**What you will do**
Every entry below should be reproduced exactly, with all pictures left out.
[[ Provided entries, beginning ]]
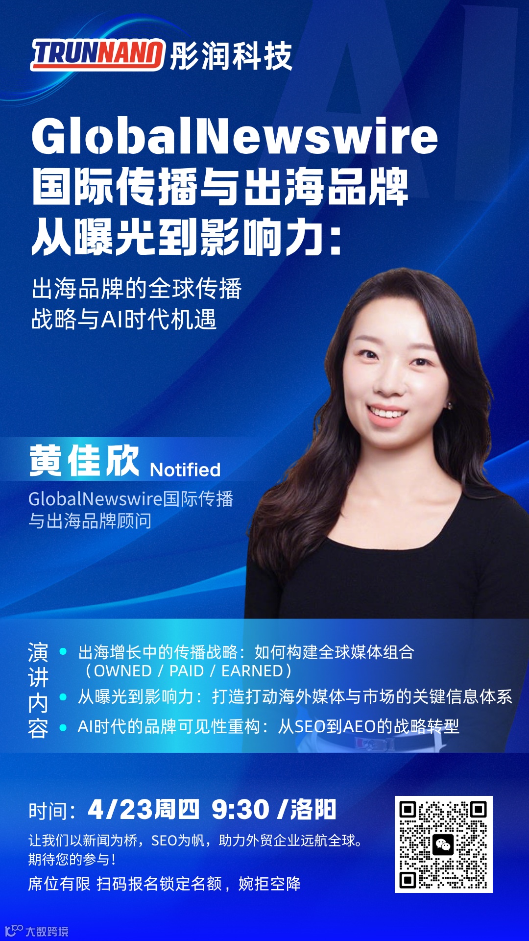 4月23日(周四),我们非常荣幸地邀请到了GlobalNewswire国际传播与出海品牌顾问——Jessica(黄佳欣)女士莅临
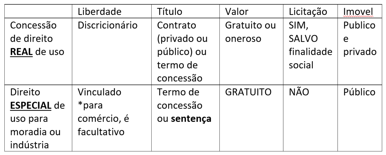 Concessão de direito REAL de uso x
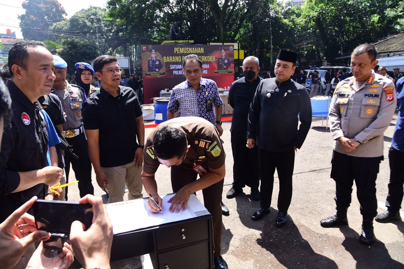 Dalam sambutannya, Kapolrestabes Bandung Kombes Pol Dr. Budi Sartono menegaskan bahwa kegiatan pemusnahan ini merupakan bentuk komitmen bersama dalam memberantas peredaran dan penyalahgunaan narkoba di Kota Bandung.
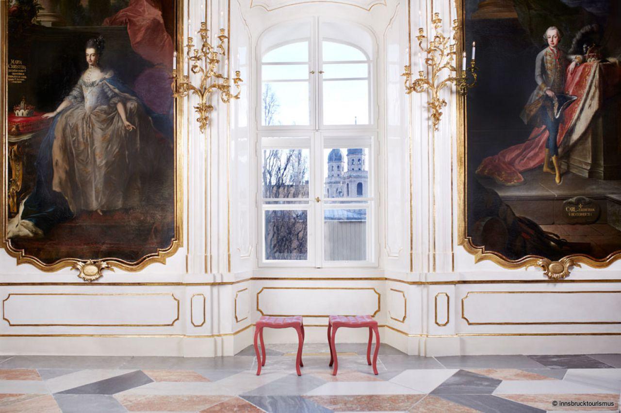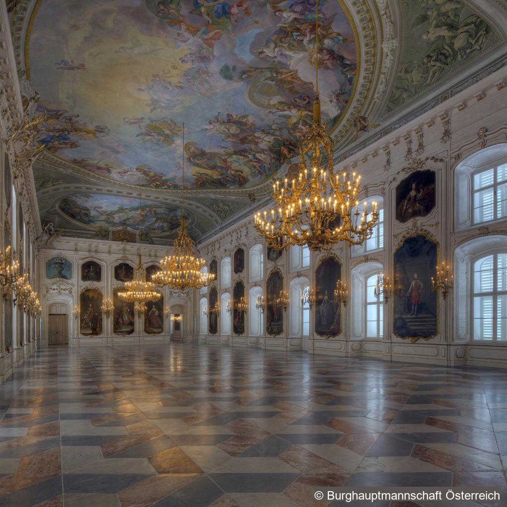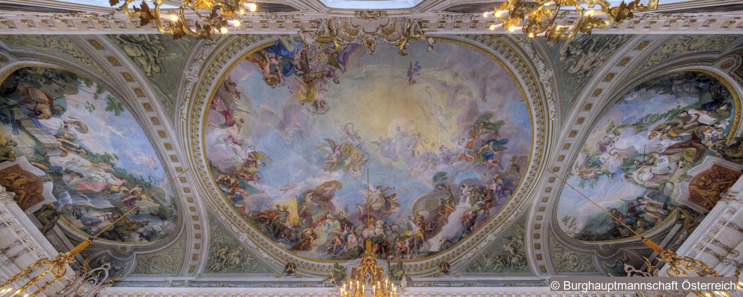 The painted ceiling, including the painted stucco, covers an area of c. 500 square metres and is one of Franz Anton Maulbertsch’s major works. The empress personally contributed to its design. The central fresco shows an allegory of the union of the royal houses of Austria and Lorraine, the flanking ovals depict the regalia of Tyrol. The marriage of the houses of Austria and Lorraine is depicted as a chariot, accompanied by personifications of the sovereign’s virtues.
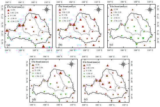 The values of Mann–Kendall test results of the ETa during 1970–2018 ((a): Annual, (b): Spring, (c): Summer, (d): Autumn, (e): Winter).
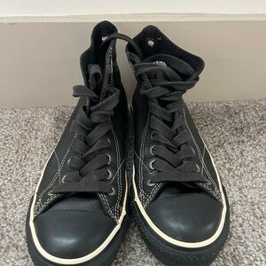 Black leather high top converse, size 6.5 mens, 8.5 women’s
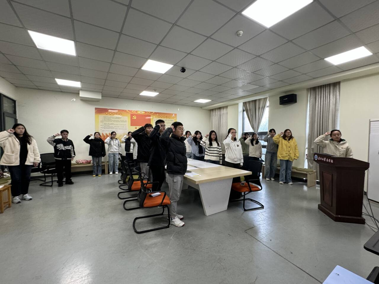 会议伊始,阮东孝同志带领全体党员重温入党誓词,王思婷同志对本月党费交纳情况进行说明,全体党员诵读《中国共产党章程》(总纲)的相关内容。
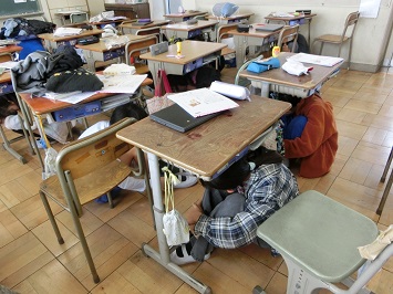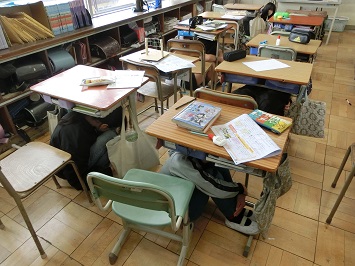 業間の時間,児童たちがいつも通り校庭や教室,図書室等で過ごす中,突然放送が流れました。地震を知らせる放送です。校内にいた児童は,すばやく近くの教室に入り,机の下で身をかがめました。
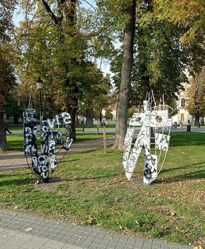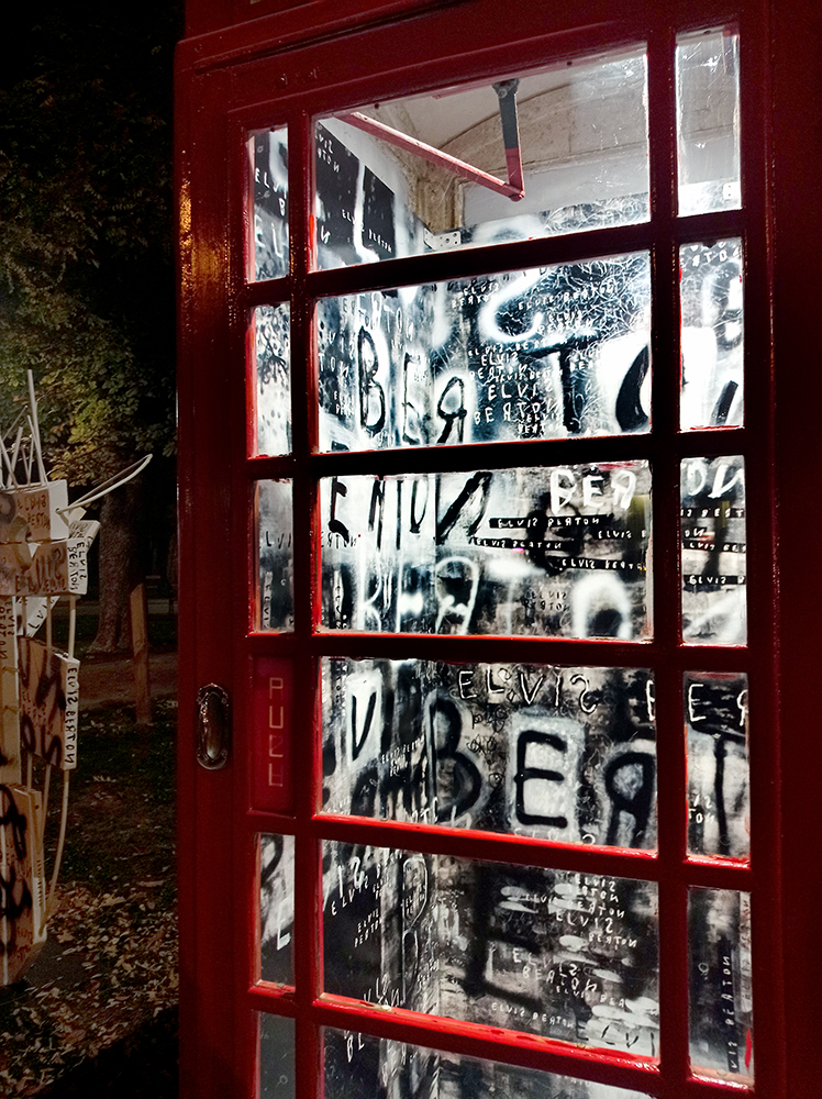 Samostalna izložba „Ego“ pazinskog likovnog umjetnika Elvisa Bertona otvorena je u četvrtak 7. studenoga 2024. u Galeriji Telephone u Vinkovcima u sklopu programa obilježavanja 78. rođendana Gradskog muzeja Vinkovci. „Kad su me iz Gradskog muzeja Vinkovci pozvali da osmislim umjetnički rad za Galeriju Telephone prvo na što sam pomislio bili su grafiti, jer su takva mjesta, pogotovo ako nisu u upotrebi, često na meti vandala. Stoga sam napravio instalaciju inspiriranu upravo street-artom, post-vandalizmom i grafitima, a sastoji se od slika apliciranih na panele unutar telefonske govornice te dvije velike skulpture glava. Radi se o svojevrsnom nastavku ciklusa „selfi(sh)“ čije su osnovne teme narcizam i egoizam, a započeo sam ga još 2016. godine zaintrigiran masovnom pojavom selfija na društvenim mrežama.
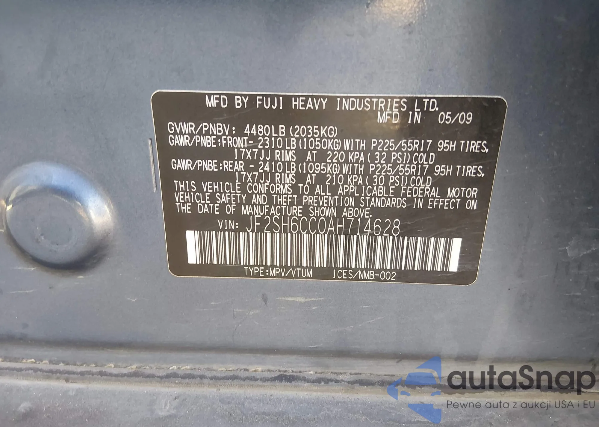LOT: 44376728 VIN: JF2SH6CC0AH714628
[[ Provided entries, end ]]
**Answer space**
 4月23日(周四),我们非常荣幸地邀请到了GlobalNewswire国际传播与出海品牌顾问——Jessica(黄佳欣)女士莅临
 Concessão de direito REAL de uso x
 Dalam sambutannya, Kapolrestabes Bandung Kombes Pol Dr. Budi Sartono menegaskan bahwa kegiatan pemusnahan ini merupakan bentuk komitmen bersama dalam memberantas peredaran dan penyalahgunaan narkoba di Kota Bandung.
 The painted ceiling, including the painted stucco, covers an area of c. 500 square metres and is one of Franz Anton Maulbertsch’s major works. The empress personally contributed to its design. The central fresco shows an allegory of the union of the royal houses of Austria and Lorraine, the flanking ovals depict the regalia of Tyrol. The marriage of the houses of Austria and Lorraine is depicted as a chariot, accompanied by personifications of the sovereign’s virtues.
 The values of Mann–Kendall test results of the ETa during 1970–2018 ((a): Annual, (b): Spring, (c): Summer, (d): Autumn, (e): Winter).
 Black leather high top converse, size 6.5 mens, 8.5 women’s
 会议伊始,阮东孝同志带领全体党员重温入党誓词,王思婷同志对本月党费交纳情况进行说明,全体党员诵读《中国共产党章程》(总纲)的相关内容。
 業間の時間,児童たちがいつも通り校庭や教室,図書室等で過ごす中,突然放送が流れました。地震を知らせる放送です。校内にいた児童は,すばやく近くの教室に入り,机の下で身をかがめました。
 Samostalna izložba „Ego“ pazinskog likovnog umjetnika Elvisa Bertona otvorena je u četvrtak 7. studenoga 2024. u Galeriji Telephone u Vinkovcima u sklopu programa obilježavanja 78. rođendana Gradskog muzeja Vinkovci. „Kad su me iz Gradskog muzeja Vinkovci pozvali da osmislim umjetnički rad za Galeriju Telephone prvo na što sam pomislio bili su grafiti, jer su takva mjesta, pogotovo ako nisu u upotrebi, često na meti vandala. Stoga sam napravio instalaciju inspiriranu upravo street-artom, post-vandalizmom i grafitima, a sastoji se od slika apliciranih na panele unutar telefonske govornice te dvije velike skulpture glava. Radi se o svojevrsnom nastavku ciklusa „selfi(sh)“ čije su osnovne teme narcizam i egoizam, a započeo sam ga još 2016. godine zaintrigiran masovnom pojavom selfija na društvenim mrežama.
LOT: 44376728 VIN: JF2SH6CC0AH714628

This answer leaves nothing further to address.